*YOUR ASSIGNMENT:*
Copied exactly and without pictures, the lines from the beginning of the entries through the one that holds "Rozsdamentes acélból készült" should form the entire reply.

*SUPPLIED DATA:*
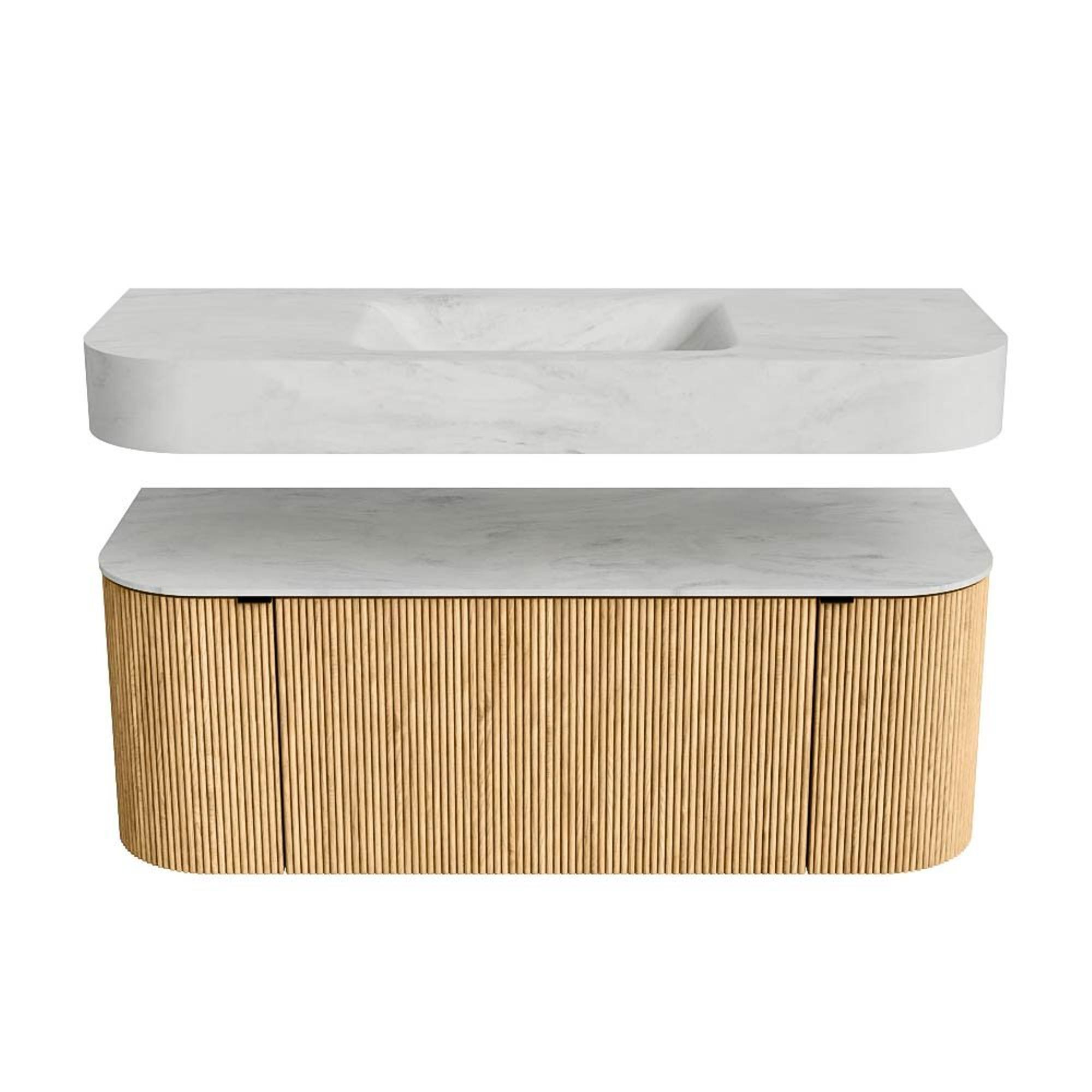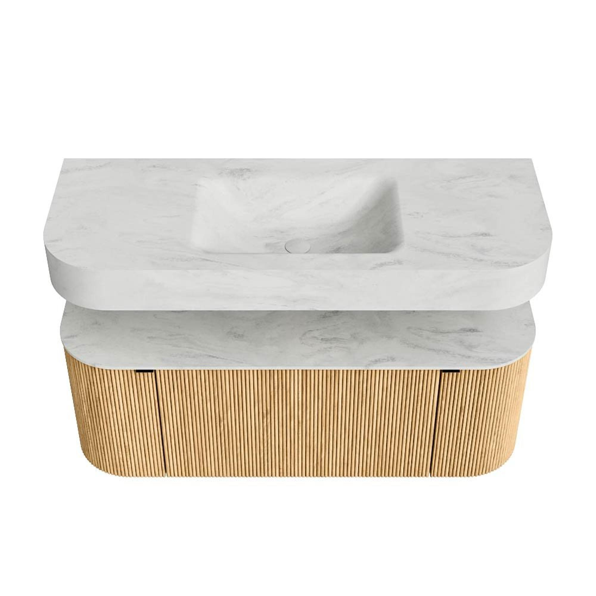 Boven het meubel zweeft een bijpassende, vrij hangende wastafel met afgeronde hoeken – perfect afgestemd op de vorm van de kast. De wastafel is uitgevoerd in Solid Surface en volgt subtiel de lijnen van het onderliggende meubel, waardoor een harmonieus geheel ontstaat. Het Solid Surface topblad vormt een sterke, onderhoudsvriendelijke basis en maakt de combinatie compleet.
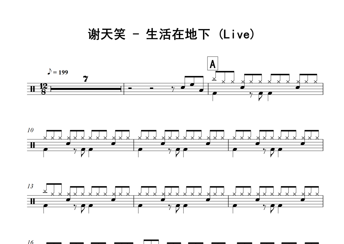 《生活在地下》是谢天笑演唱的一首歌曲,Live,歌曲速度为每分钟199拍,这份架子鼓谱共有三张高清图谱,图谱由 @积极处世 编配上传,图谱使用五线谱编配,使用这份生活在地下架子鼓谱,你将能够轻松地敲打出这首谢天笑的生活在地下,快来尝试吧。
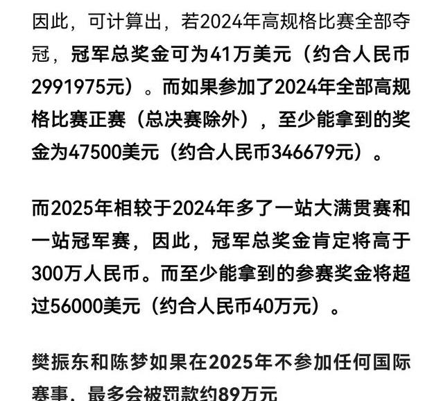 根据无聊网友计算,如果 2025 年樊振东参加 WTT 全部大赛并且夺冠最高可以拿到大约人民币 346 万元,而樊振东如果整年不参赛,将面临 89 万元的罚款!
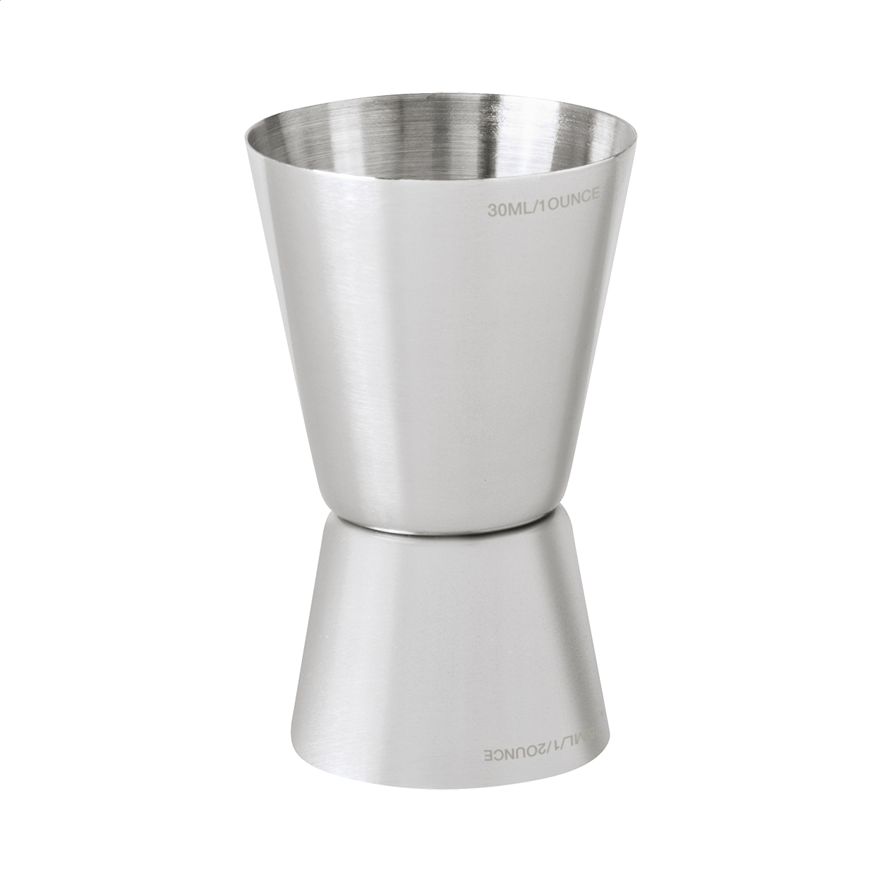 Rozsdamentes acélból készült mérce pohár, 30 ml/15 ml űrtartalommal.
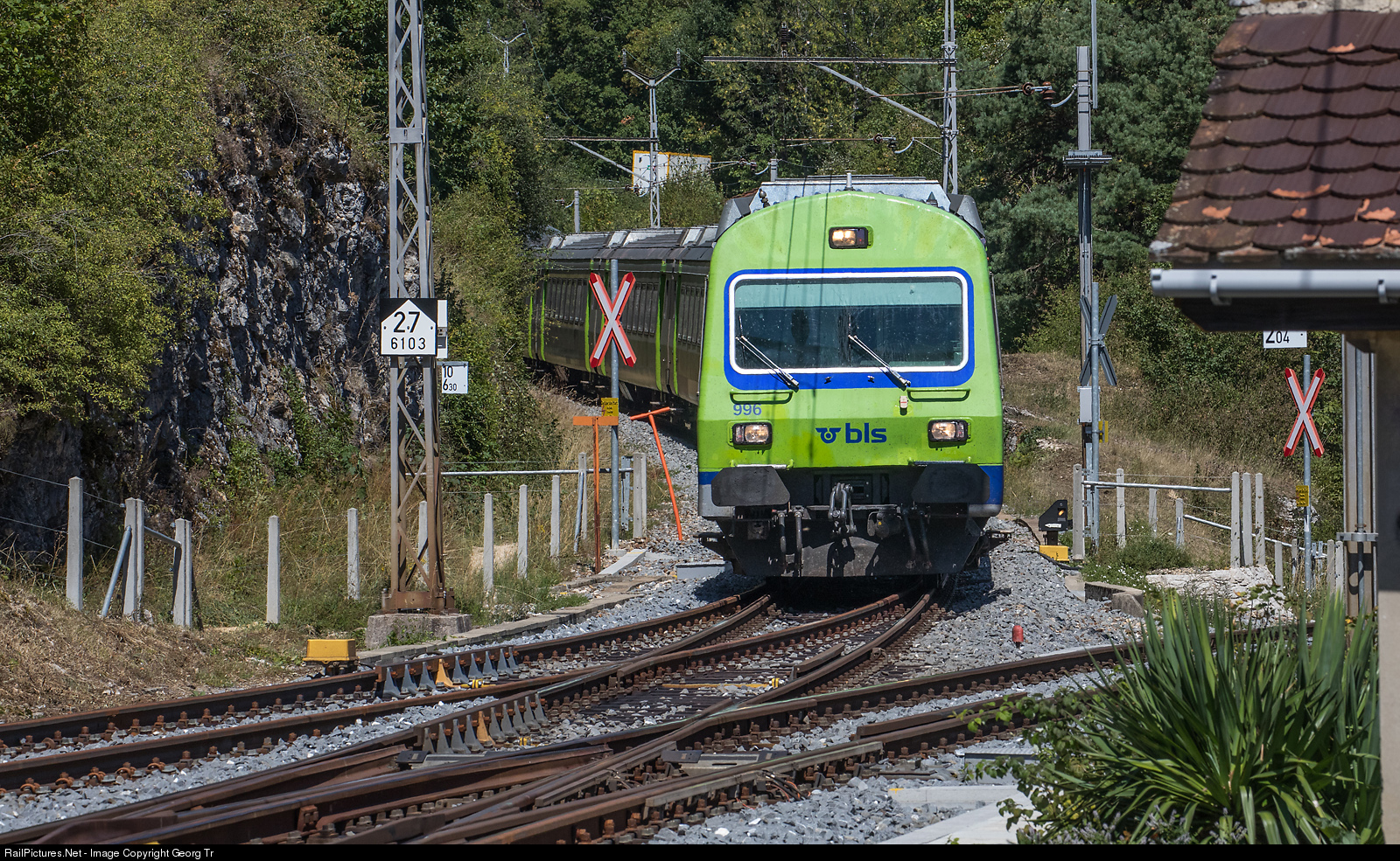 | Push pull train of the BLS, with former SBB standard cars type III and leading cab car Bt # 996, is entering Chambrelien switchback station. In the rear of the train is Re 465 # 003. The train is running the Regio Express 3927 from La Chaux-de-Fonds via Neuchâtel-Kerzers to Bern. |

*SOLUTION TO THIS TASK:*
 Boven het meubel zweeft een bijpassende, vrij hangende wastafel met afgeronde hoeken – perfect afgestemd op de vorm van de kast. De wastafel is uitgevoerd in Solid Surface en volgt subtiel de lijnen van het onderliggende meubel, waardoor een harmonieus geheel ontstaat. Het Solid Surface topblad vormt een sterke, onderhoudsvriendelijke basis en maakt de combinatie compleet.
 《生活在地下》是谢天笑演唱的一首歌曲,Live,歌曲速度为每分钟199拍,这份架子鼓谱共有三张高清图谱,图谱由 @积极处世 编配上传,图谱使用五线谱编配,使用这份生活在地下架子鼓谱,你将能够轻松地敲打出这首谢天笑的生活在地下,快来尝试吧。
 根据无聊网友计算,如果 2025 年樊振东参加 WTT 全部大赛并且夺冠最高可以拿到大约人民币 346 万元,而樊振东如果整年不参赛,将面临 89 万元的罚款!
 Rozsdamentes acélból készült mérce pohár, 30 ml/15 ml űrtartalommal.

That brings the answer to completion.